The majority of hybrid sensor/response regulator signal transduction systems was identified in the membrane or intracellular fraction (9 of 12), some of which responded specifically to laminarin (GFO_1684, 1697 and 2345), but this response was insignificant in comparison with glucose-grown cells (Supplementary Table S9). Also, high numbers of sensors and regulators of conventional non-hybrid two-component systems were determined in the proteome (28 of 62 predicted signal transduction elements, 45%). However, except for a few glucose-induced response regulators (GFO_1017, 1420 and 1778), most of these proteins showed no differential expression.

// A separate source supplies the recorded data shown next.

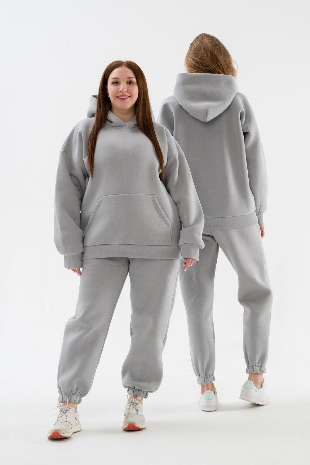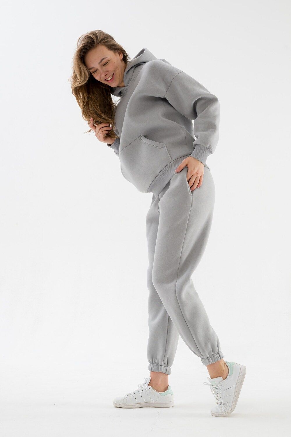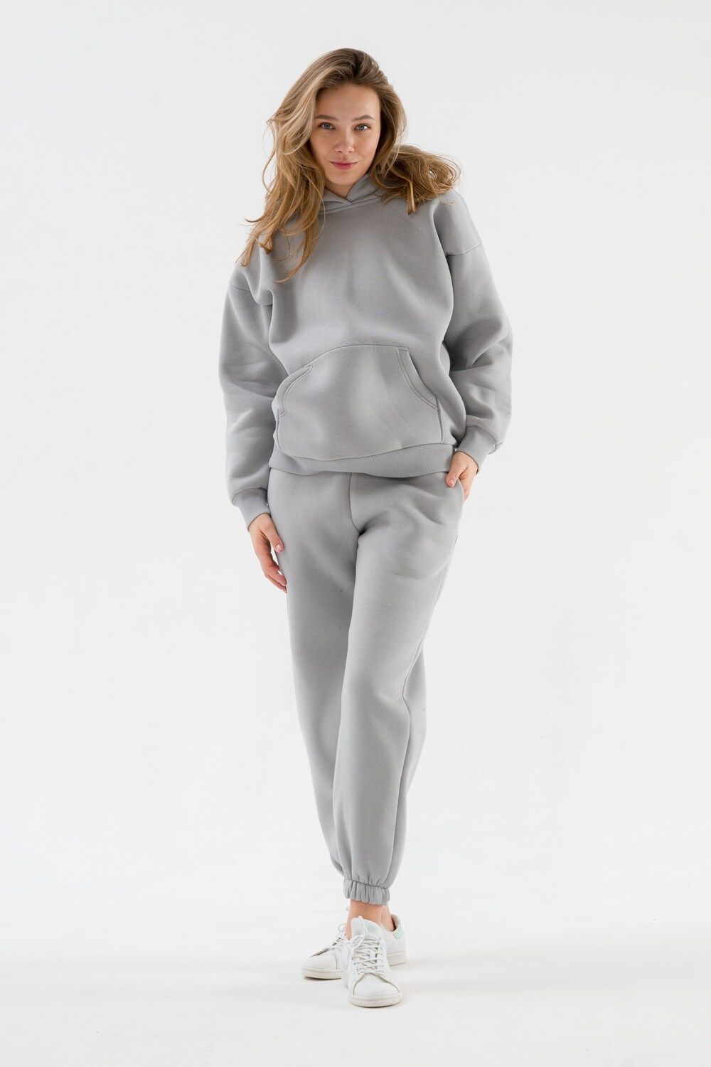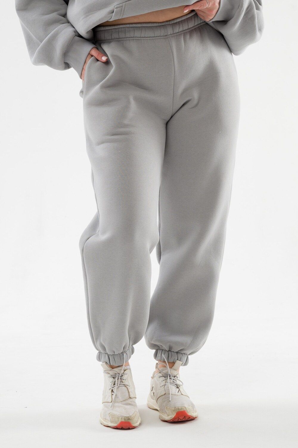 Брюки 89603 с начесом теплые костюмные - светло серый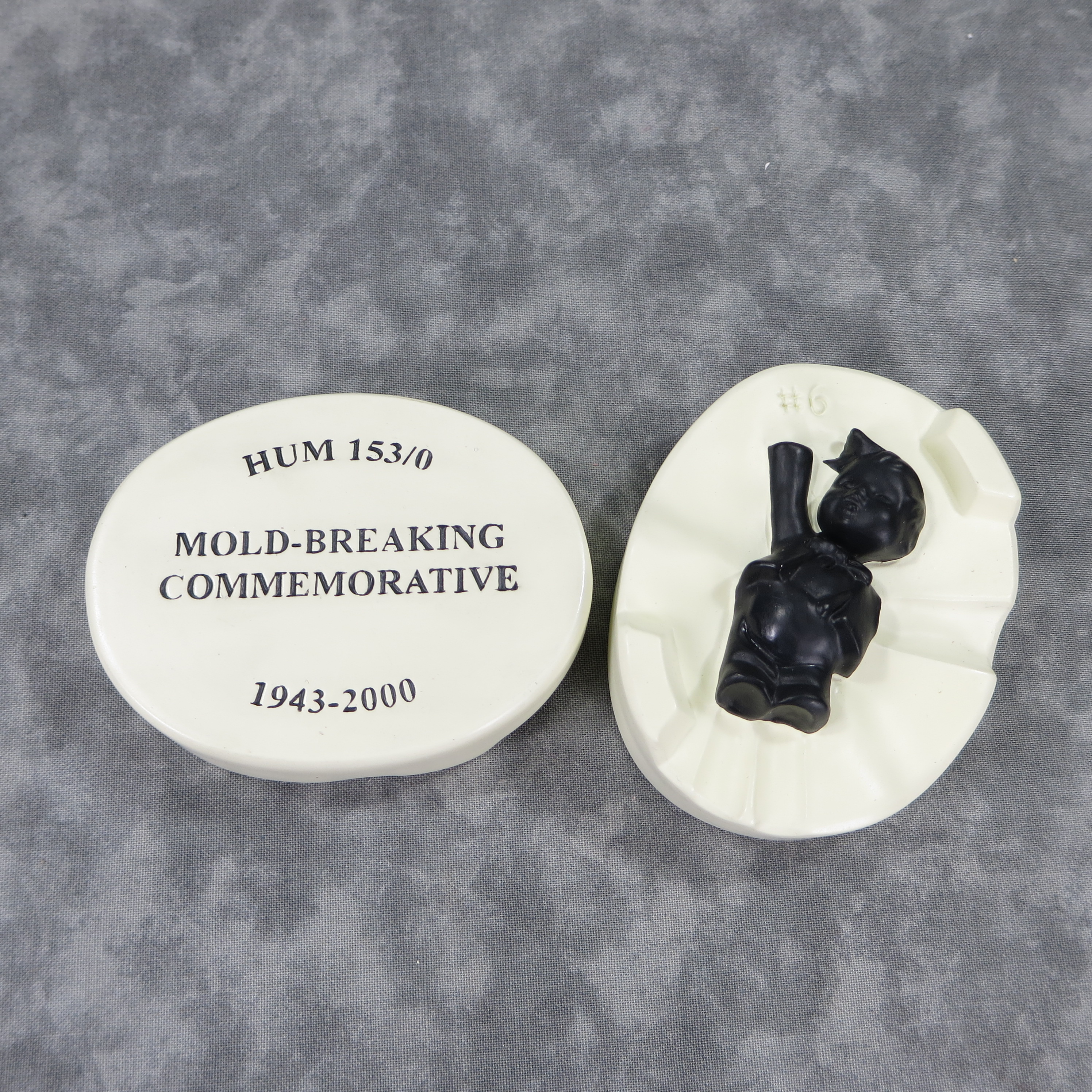 January 18, 2026 - 3-1/4 inches wide, 1-1/2 inches tall, 2-1/2 inches deep. Top incised HUM 153/0 / MOLD-BREAKING COMMEMORATIVE / 1943-2000. Underside is incised '(c) Goebel'. Bottom piece is incised '#6' beside the boy figure.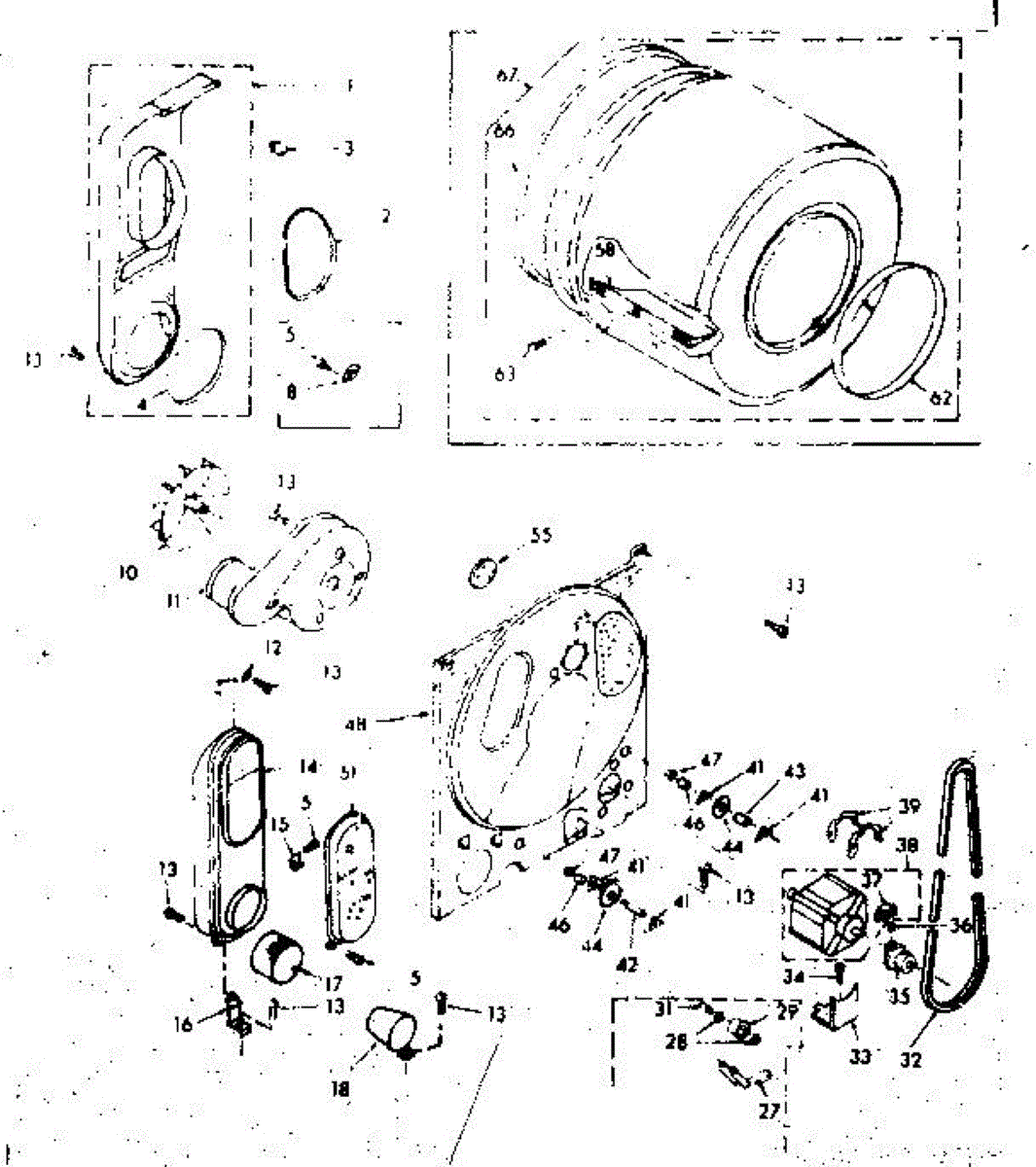 Complete drum assembly for dryers. Houses and rotates laundry during cycles. Replace if cracked, warped, damaged, or worn from extended use.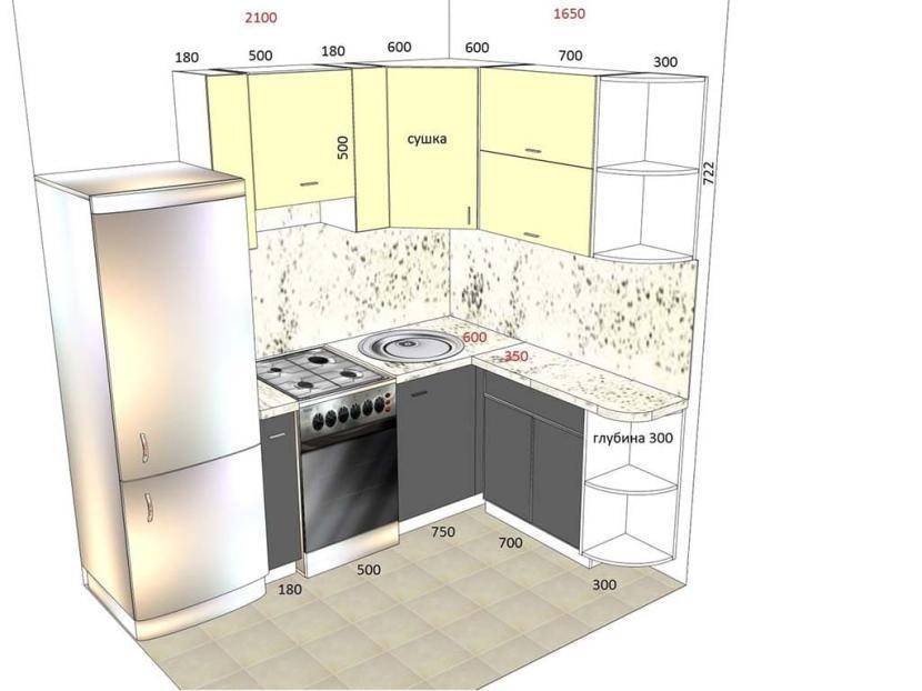 Если в проекте кухни используются стандартные кухонные угловые шкафы, то по чертежу несложно будет «подогнать» размеры. Типовой верхний угловой шкаф 600х600, а нижний – 900х900мм, 950х950мм или 1000х1000мм. Но, поскольку верх и низ отделяется визуально общей столешницей, каким-то мотивом и дополнительным декором на фартуке, некоторый сдвиг не будет заметен. В любом случае, относительно плиты (варочной поверхности), окончанию ряда он выравнивается автоматически.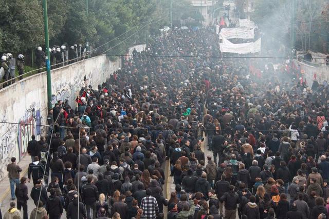 Vandaag was er een grote demonstratie in Athene ter verdediging van anarchistische sociale ruimtes. Dit volgde op de (her-)ontruiming van Villa Amalias en Skaramanga eerder deze week. Naar verluid waren er 10.000 mensen op de been in een demonstratie die eindigde bij het gerechtsgebouw waar de 93 arrestanten van de herkraak van Villa Amalias vandaag voor de onderzoeksrechter moesten verschijnen.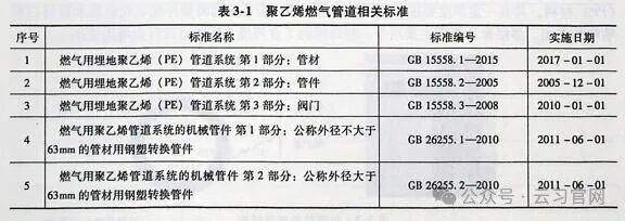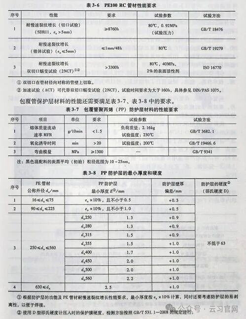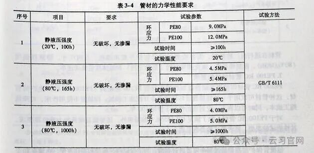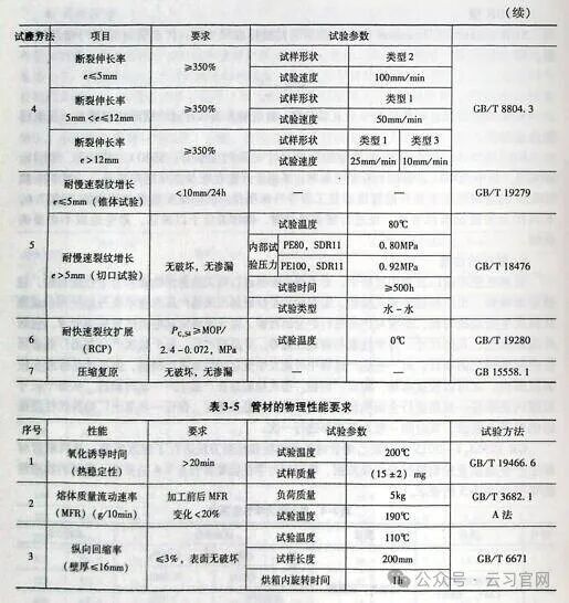 GB15558.1—2015中对聚乙烯管材各项性能和检验方法进行了细致规定,是判断管材和生产企业质量控制情况的主要依据,管材的力学性能要符合表3-4的要求,管材的物理性能要符合表3-5的要求。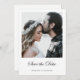 Den här platta bröllop spara datum-fotokortmallen med chic har en slående, minimalistisk och modern design. Bläddra i vår butik efter en version av den här designen med Spara datumtexten i guld och även i vykortsformat! Framsidan innehåller ditt första namn under ditt favoritfoto och ett "spara datumet"-meddelande som förmedlas i ett elegant, kursivt handskriftsskript. Dess blomning och flöde accentueras av "mindre är mer" estetiskt av denna design. Det här sparar datumdesignen inslag på båda sidor och kan inte ändras, men du kan välja att ta bort den på baksidan för att få ett ännu enklare utseende. Och på baksidan kan du naturligtvis, förutom att ersätta vår exempelinformation med din egen, ta bort fält som du inte behöver, eller ändra ordalydelsen, samt ändra teckensnitt, storlekt och färg. Du kan t.ex. ändra 'ARE GIFTA SIG' till 'ARE GIFTER SIG' eller något annat, eller ta bort exempelwebbplatsinformationen utan att ersätta den med din egen webbplatsinformation, eller så kan du ersätta den med ett helt annat meddelande. När du redigerar för ditt eget första namn på baksidan kan du också välja att inkludera dina efternamn. Standardvärdet för färg på namnen på framsidan är svart och standardvärdet för färger på baksidan är svart och något mjukt svart. Standardbakgrundsbilden färg på båda sidor är lika genomskinlig, så att pappra färg helt enkelt blir som baston. Men du kan redigera detta och ändra den ena eller båda sidans utseende i detta avseende också för kostym i stil. Anpassa den här eleganten moderna, minimalistiska bröllop spara datum-platta kortmallen med ditt foto och din inspiration och gör den unik för dig!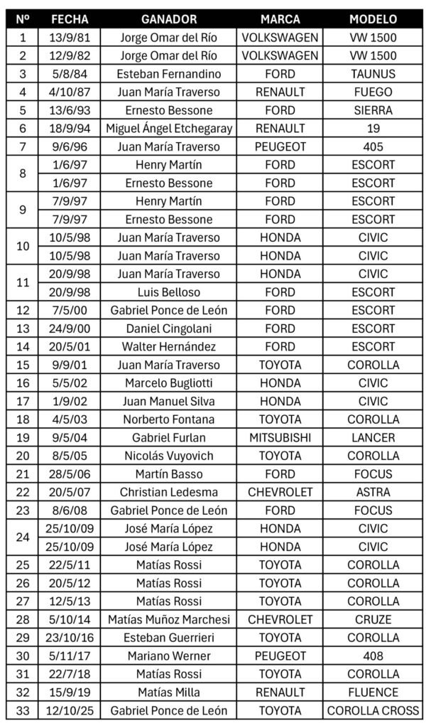 Juan María Traverso es el máximo ganador en “El Zonda” con 6 triunfos y 3 marcas distintas: ganó en 1987 con Renault, en 1996 con Peugeot y en las 3 visitas en 1998 y en 2001 con Honda. Lo siguen Matías Rossi con 4 victorias: el piloto de Del Viso se impuso en 2011, 2012 y 2013 con Toyota, Ernesto “Tito” Bessone y Gabriel Ponce de León con 3: el de Mataderos resultó ser el ganador en 1993 y en 2 carreras que se disputaron en 1997 todas con Ford, mientras que el representante de Junín ganó en 2000 y 2008 con Ford y la última en 2025 con Toyota. Esta fue la primera en “El Zonda” para el nuevo modelo SUV de la marca japonesa con el Corolla Cross.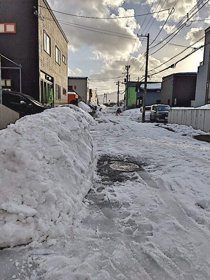 札幌市は今年の「パートナーシップ排雪制度」を取りやめて、交通量の多い生活道路を優先して、札幌市が全額負担して緊急除雪を行うそうです。交通量の多い生活道路の範囲ってどの辺をさすのでしょうか?昨夜入った除雪車の置いていった残骸を雪棚に載せてから、我が家の周りの町内をちょっと歩いて見ました。車が1台分しか通れない道幅になっていて、道路も曲がりくねり積み上げられた雪山で、小さな交差点では左右の見通しが効かなくなっています。急な飛び出しも冬場だけではありませんが、特に冬場は視界が効かないのでいつも危険が一杯!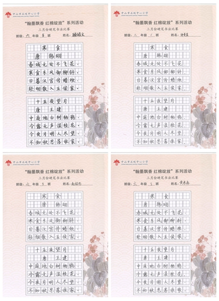 為傳承和弘揚(yáng)中華優(yōu)秀傳統(tǒng)文化,激發(fā)學(xué)生學(xué)習(xí)書(shū)法的熱情,引導(dǎo)學(xué)生和家長(zhǎng)高度重視書(shū)寫(xiě)教育,提高書(shū)寫(xiě)質(zhì)量,石岐中心小學(xué)書(shū)法科組舉辦了全校學(xué)生現(xiàn)場(chǎng)硬筆書(shū)法比賽。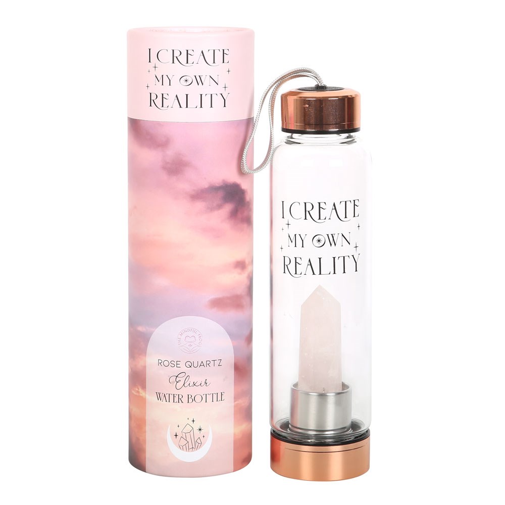 ROSE QUARTZ CREATE MY OWN REALITY GLASS WATER BOTTLE

These findings, together with the omnipresence of various two-component signaling proteins under all substrate conditions, suggest a constitutive function, in which rather specificities than high quantities of signal transduction systems mediate the distinct upregulation of polysaccharide-associated genes. We observed a limited expression of ECF-sigma/anti-sigma factors (6 of 21 genes; 29%), which indicates that sensing of alginate, laminarin and glucose was not predominantly carried out via TonB-dependent transducers (TBDRs that are linked to a cytoplasmic sigma factor by inner membrane-localized anti-sigma factors; Koebnik, 2005). Instead, sensing was likely initiated by TBDR-enabled uptake of oligosaccharides into the periplasm in conjunction with (hybrid) two-component signal transduction to the cytoplasm. Only one sigma/anti-sigma system (GFO_1018-19) and an ECF-type sigma factor (GFO_3248) had an elevated expression in laminarin-supplied cultures, however, these genes were not found adjacent to a TBDR gene.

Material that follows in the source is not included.